Pig Sushi (in a way)
Dan has completed the initial roll, trapping the crispy bacon in the middle of a raw sausage roll. Note that the bacon weave is still flat. At this point, it occurred to us that this is a lot like rolling a giant sushi. A GIANT SUSHI FULL OF SWINY GOODNESS, THAT IS!

Initial Roll
Dan is preparing to roll the sausage back over the bacon mat. Tip for those of you keeping score at home: Use aluminum foil, like we did. It'll make if vastly easier to get the bacon to wrap tightly around the sausage without any unaesthetic slippage. No one wants bacon slippage. No one.

The Completed Log
Dan applies the finishing touches to the log, preparing it for the long journey that awaits it.

The Baking
Ever wonder why they call it bacon when it's almost never baked? Well, at this moment Wikipedia tells me that bacon "is derived from the Old High German bacho, meaning 'back', 'ham', or 'bacon'." So bacon is derived from another word that also means bacon? I must say that I'm shocked.


Fresh from the Oven
If you look closely, the juice is attempting to escape from the log. The orange hue of the juice indicates that it is laden with Vitamin C. Yep. You heard it here first. The Bacon Log is loaded with all the nutrients and minerals that a growing body needs. My sources tell me that it contains enough Vitamin C to last a normal adult a full year.

Still Life with Bacon Log
This is the finest picture ever taken by a camera. Go ahead. Let the tears come. It's hard to be in the presence of such greatness.

The Carving
Dan carved the log with all the care of a vascular surgeon. I think all these years of living with a vegan has made him more sympathetic to the plight of those animals that become our food. His careful carving honored the pig(s) that had become this feast.

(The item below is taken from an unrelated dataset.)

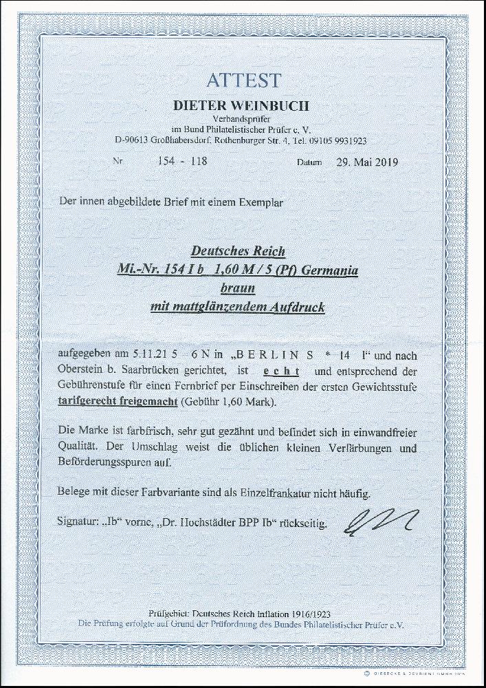 | Prüfer: | Weinbuch, Dieter (BPP (Bund Philatelistischer Prüfer)) |

Oh, in the back of the picture you'll see a flask of "juice." I'd like to tell you we each did a shot of this. We did not. Well, there's always next time.

Plated with Salad
It was delectable. I scarfed down my plate and a second, and contemplated a third.

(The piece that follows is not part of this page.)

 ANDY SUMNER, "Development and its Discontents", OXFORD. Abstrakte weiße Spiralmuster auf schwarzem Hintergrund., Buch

We brought the ample leftovers back to my house, where Steph's mom shared some with me the next day. She was awed at how tasty it was, especially with a baguette (as, I'm told, they eat the bûche in the old country). We agreed that it was perhaps the perfect food for watching a brunch-time football game on a fall day.

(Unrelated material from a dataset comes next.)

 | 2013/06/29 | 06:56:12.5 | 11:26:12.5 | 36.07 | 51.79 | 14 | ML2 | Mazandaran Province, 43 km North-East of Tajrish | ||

Dan had to ventilate the apartment before Sita returned, but I doubt he's in trouble for introducing such a quantity of swine into their abode. After all, she got that cooking sheet specifically for him to cook bacon on. See, Mr. Wilde, it's no life of mutual deception after all. Even the raw vegan chef knows that sometimes her man must answer the primal call of Bûche de Lardon, The Bacon Log.